Вот, оказывается, когда его время наступило! Щас он покажет, на что способен советский киномеханик, работник культурного фронта, окончивший для этого школу в самом граде Воронеже, где даже трамваи ходят, и улицы почти сплошь из камня…
– Па-пра-шу разговоры прекратить и слушать голос революции из самого сердца пролетарского фильма, сочинённого болельщиком народных масс Максимом Горьким для протрезвления
– Это что же, навроде похмелья, что ли? – в потёмках раздался чей-то заинтересованный голос. – Вместо рассолу?
Не обращая внимания на бесцеремонный голос, киномеханик продолжал с интонацией, не терпящей пререканий:
– В сумерках царизма рабочий класс России жил на ощупь, и ни единой искорки, ни единого уголька не мигало в этой кромешной мгле. Как вдруг столинейной лампой в потёмках быта вспыхнула ленинская «Искра», осветив путь разуму, сдавленному тисками собчиниства и других пережитков. «Вот он – свет! Вот она зга!» – воскликнул Павел, сын своей матери, забросив початую бутылку казённой водки под ноги топчущейся за его спиной безликой худосочной массе, называемым, если просто сказать, быдлом.
При упоминании о початой бутылке возникло весёлое возмущение. Но это никак не подействовало на дальнейшее славословие. Оратор, стоящий у стрекочущего аппарата, самозваный глашатай знал цену слову, которому он научился на политзанятиях в школе киномехаников, записывая каракулями все громкие выражения того времени, не всегда понимая смысл сказанного. Одним словом – «Зарубается-скалывается…»
Народ в душной избе-читальне, в потёмках, вспоротых широким лучом проектора, только цокал языками: «Вот, бес! Умён, так умён! Откуда только нахватался? Шпендрит, как по газете!»
А тот, чувствуя всей кожей одобрительные восклицания, продолжал «рубить и скалывать»:
– Великой скорбью занялось материнское сердца! Сын мой, Павел! Проснись! Проснись и пой гимн трудовому народу! Стань его заступником и ходатаем за справедливость!
Женская половина зрителей зашмыгала носом: «Конешно, мать. Куды ж денешься?»
Кинщик носовым платком смахнул на ходу невидимую пыль на линзах и вытер вспотевшую шею.

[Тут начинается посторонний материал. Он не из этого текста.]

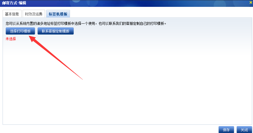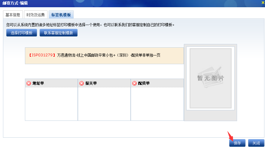 6.2.【时效及运费】按提供给您的价卡进行配置,因这块的设置仅影响分配物流的规则,不做详细介绍,点击【保存】后会显示【标签机模板】配置页面
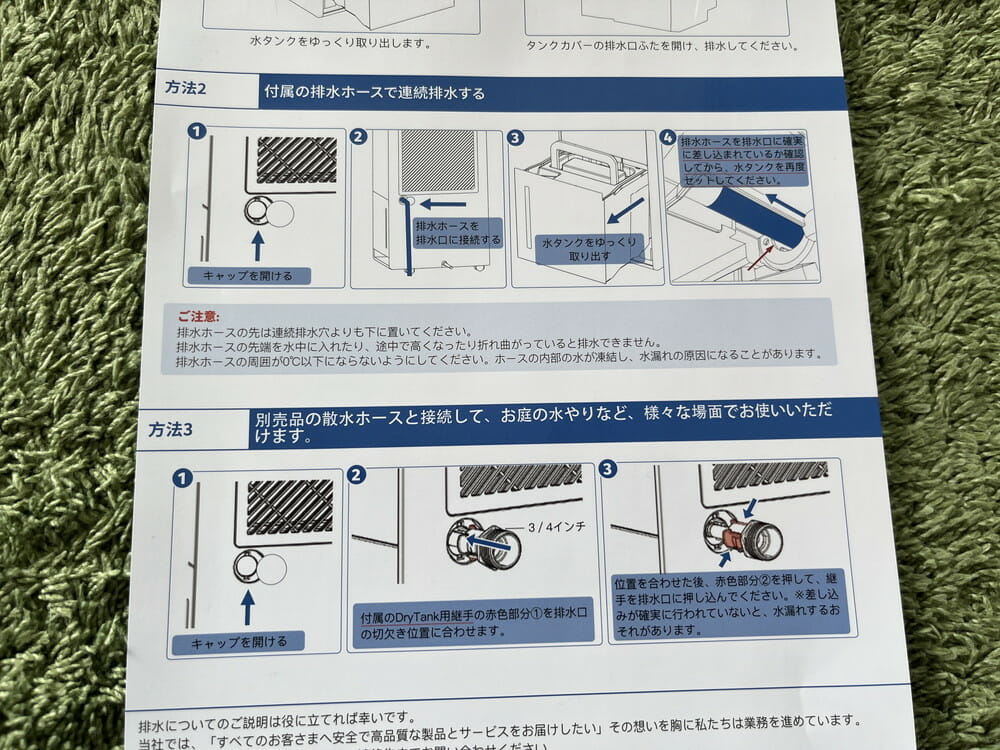 なお、前述した通り、付属のドレンホースを本体側面の連続排水口に接続することで、除湿しながら排水を行う(連続排水する)ことも可能だ。

– …И протёр глаза Павел. Заслонил всей грудью исковерканное и заплёванное рабочее достоинство. Начал составлять партийные списки и печатать подрывные прокламации. И вот возник вопрос – кто будет стоять на сквозняке революции, распространяя пролетарские воззвания кочегарам и станочникам, согбенным непосильным трудом на благо всепожирающему Молоху капитализма? И тогда, отбросив со лба прядь суровых волос, встала и поднялась русская женщина, битая-перебитая мужем-извергом, страдалица, мать несгибаемого Павла: «Я пойду на ветродуй, в народ, сынки!»
При этих, брошенных проникновенным голосом, словах теперь и мужики потянулись за куревом: «Вот эта настоящая родительница! Женщина и мать! Заступница за сынов своих, а мы, чувырлы неграмотные, укоряем, непочетниками зовём детей. По глазам хлещем за каждый самовольный шаг, за каждое баловство. А, вишь ты, по-другому надо разговор вести, по-умному. Глядишь, и у нас революция бы поднялась. А то опять в кабале ходим. Какие же заступники за нас? Самогон сызмальства хлестать, да по кобылкам зуд чесать только и умеют. А, видать, вон какие бывают дети! 3а весь мир умереть готовы! А наши-то – анчутки!»